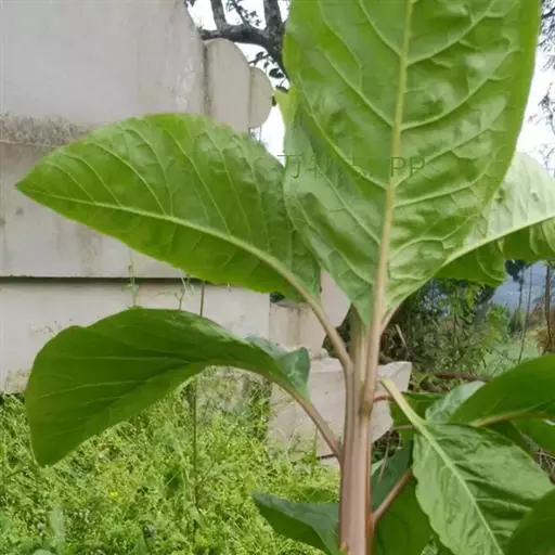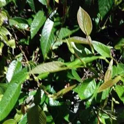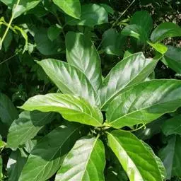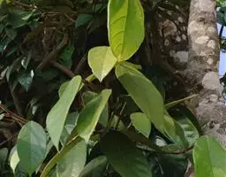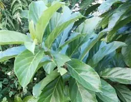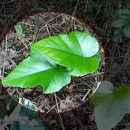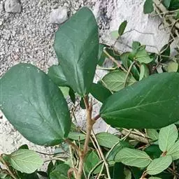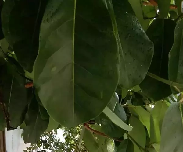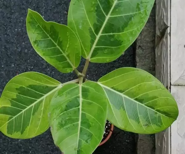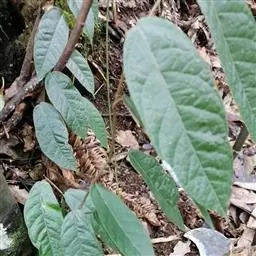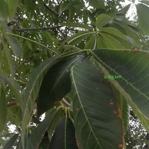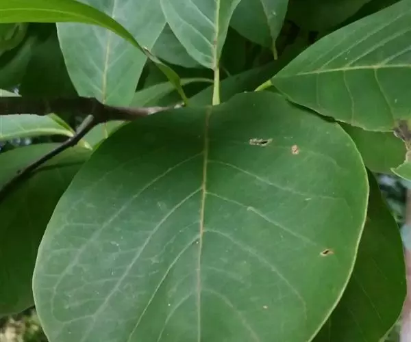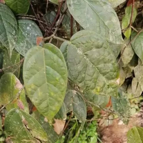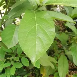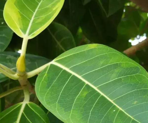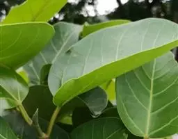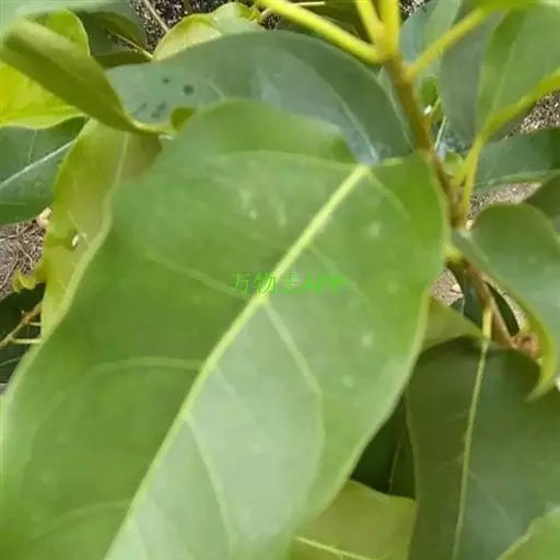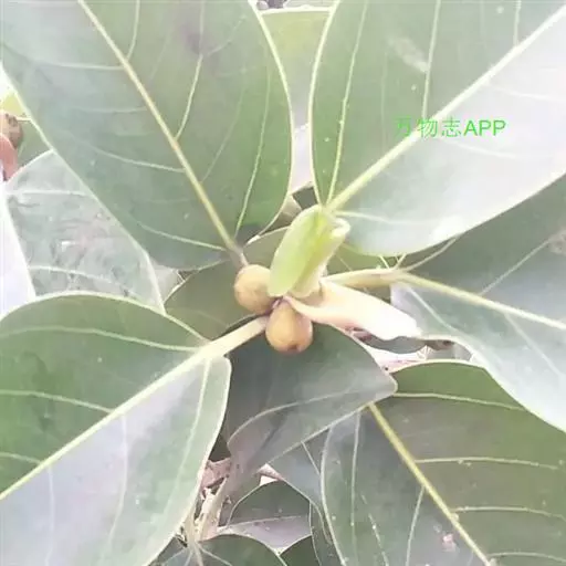 叶厚革质,广卵形至广卵状椭圆形,长10-19厘米,宽8-11厘米,先端钝,急尖,基部宽楔形,全缘,两面光滑,无毛,基生侧脉延长,侧脉5-7对;叶柄长2-5厘米,粗壮;托叶厚革质,长2-3厘米,外面被灰色绢丝状毛。
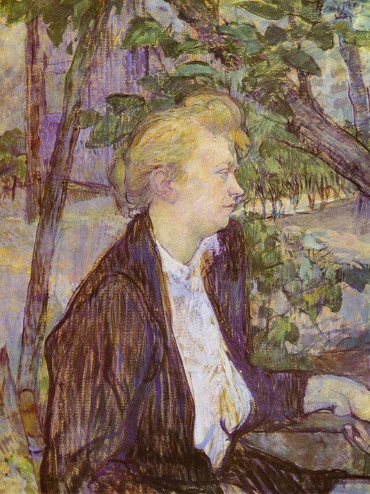 Woman in the Garden White Modern Wood Framed Art Print with Double Matting by Toulouse-Lautrec, Henri de
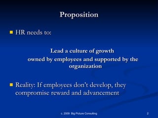 Individual development plans (IDPs) are often misunderstood and not effectively implemented. They are viewed as a list of training courses rather than a plan for developing capabilities needed for success. This leads to a lack of investment and perceived payoff. The document recommends reframing IDPs around developing skills needed for job success and tying them to career advancement. It suggests using a "business fitness" metaphor and making employees responsible for driving their own growth through relevant, accountable plans supported by supervisors.
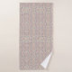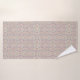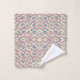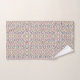 A vibrant, colorful towel hangs on a rod, featuring a psychedelic pattern of swirling shapes in pink, blue, green, and yellow. The design is lively and intricate.
----------------
__What to do__: Make an exact copy of the listing above. Its pictures are not needed.

__Solution__:
 叶厚革质,广卵形至广卵状椭圆形,长10-19厘米,宽8-11厘米,先端钝,急尖,基部宽楔形,全缘,两面光滑,无毛,基生侧脉延长,侧脉5-7对;叶柄长2-5厘米,粗壮;托叶厚革质,长2-3厘米,外面被灰色绢丝状毛。
 Woman in the Garden White Modern Wood Framed Art Print with Double Matting by Toulouse-Lautrec, Henri de
 Individual development plans (IDPs) are often misunderstood and not effectively implemented. They are viewed as a list of training courses rather than a plan for developing capabilities needed for success. This leads to a lack of investment and perceived payoff. The document recommends reframing IDPs around developing skills needed for job success and tying them to career advancement. It suggests using a "business fitness" metaphor and making employees responsible for driving their own growth through relevant, accountable plans supported by supervisors.
 A vibrant, colorful towel hangs on a rod, featuring a psychedelic pattern of swirling shapes in pink, blue, green, and yellow. The design is lively and intricate.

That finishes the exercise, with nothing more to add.